Unless a clear case of abuse is shown and unless there has been a miscarriage of justice, a reviewing court will not substitute its opinion and thereby divest the trial court of its discretionary power. In re Estate of Hart, 119 Cal.App.2d 310, 318, 259 P.2d 703.

The rule that a trial judge is not required to accept as true the sworn testimony of a witness, even in the absence of evidence directly contradicting it, applies to affidavits. People v. Kirk, 109 Cal.App.2d 203, 207, 240 P.2d 630. All facts which reasonably may be inferred from affidavits are evidence. Bailey v. County of Los Angeles, 46 Cal.2d 132, 137, 293 P.2d 449; Baratti v. Baratti, 109 Cal.App.2d 917, 922, 242 P.2d 672.

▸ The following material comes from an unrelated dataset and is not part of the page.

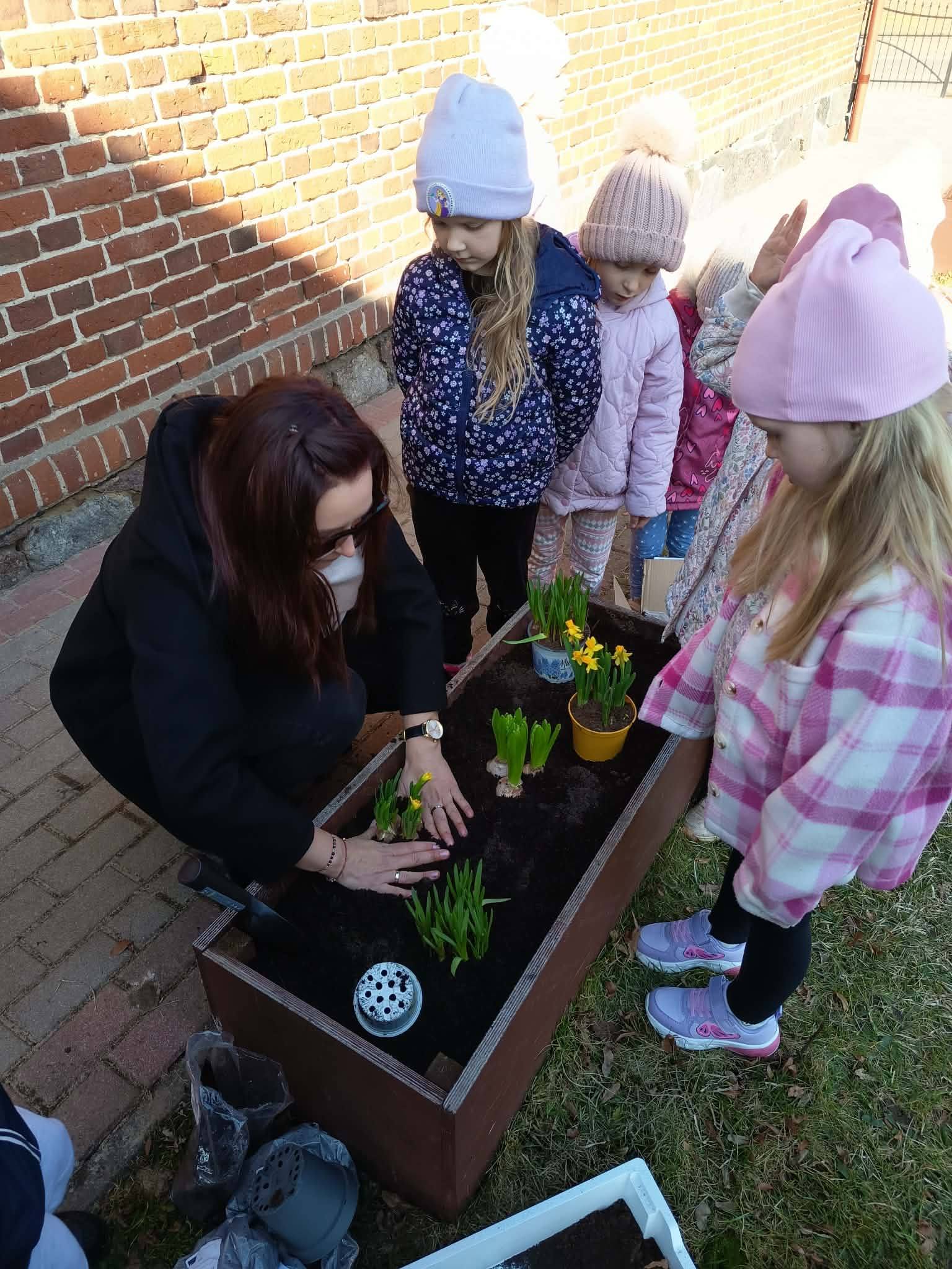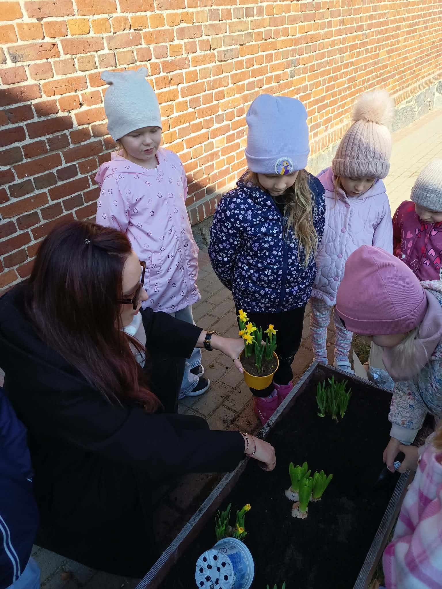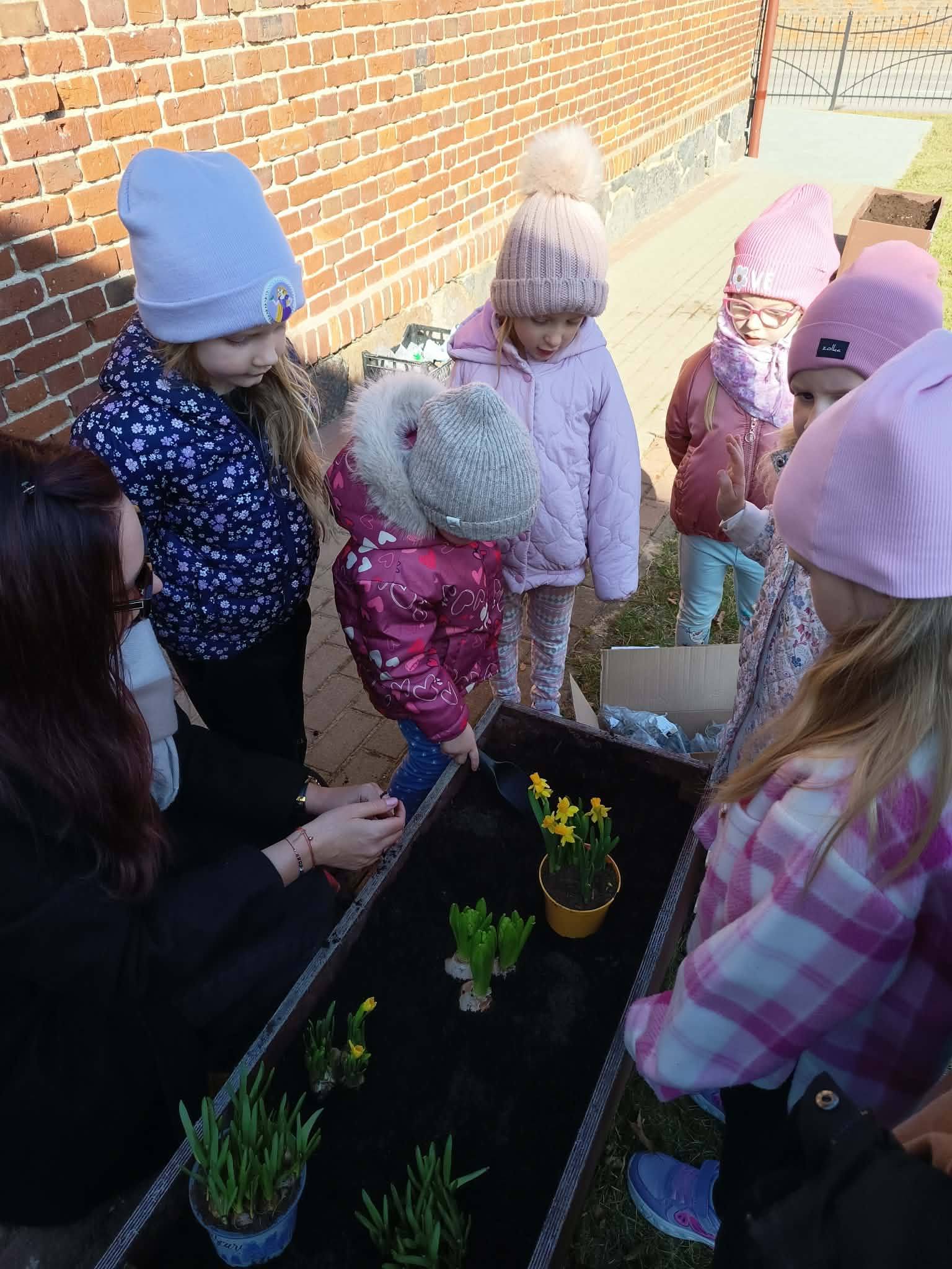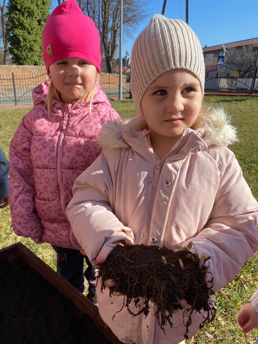 Z wielkim zaangażowaniem zasadziły cebulki kwiatów oraz piękne kwiaty, ucząc się przy tym troski o przyrodę i współpracy 🌿💚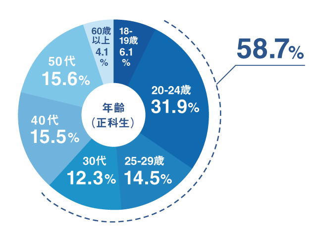 ①年代分布:20代・30代が全体の半数以上。キャリアアップのために学びたいと思う学生が多くいます。在籍者数(正科生)は約3,700名。年々増加しています!※

There is no showing of an abuse of discretion at bar. Bannister was within the jurisdiction on April 4, 1956. The learned trial judge was not compelled to believe his story that he was nervous, worried, and unable to exercise proper judgment. Dr. Crahan said he was normal. In his first affidavit Bannister said he did not appear because he was unable to make any arrangement so his family would be taken care of if he were sent to jail, and he went to Dallas to visit his folks. In his second affidavit he gave no reason for not appearing except nervousness and dissatisfaction with his counsel. In that one he said he went to Dallas to see his uncle for help. He told Dr. Crahan he got frightened about jail and ‘jumped bond.’ The court could well have concluded from the record before it that Bannister's failure to appear was deliberate and intentional and that no excuse for his failure to appear was shown.

Affirmed.

FOOTNOTES

1.  The pertinent part of Penal Code, section 1305, reads: ‘[I]f at any time within 90 days after such entry in the minutes, the defendant and his bail appear, and satisfactorily excuse the defendant's neglect or show to the satisfaction of the court that the absence of the defendant was not with the connivance of the bail, the court may direct the forfeiture of the undertaking or the deposit to be discharged upon such terms as may be just. If within 90 days after such entry in the minutes, it be made to appear to the satisfaction of the court that the defendant is dead or is physically unable, by reason of illness * * * to appear in court at any time during said 90 days, and that the absence of the defendant was not with the connivance of the bail, the court may direct the forfeiture of the undertaking or the deposit to be discharged upon such terms as may be just.’

VALLEÉ, Justice.

PARKER WOOD, J., concur. SHINN, P. J., concurs in the judgment.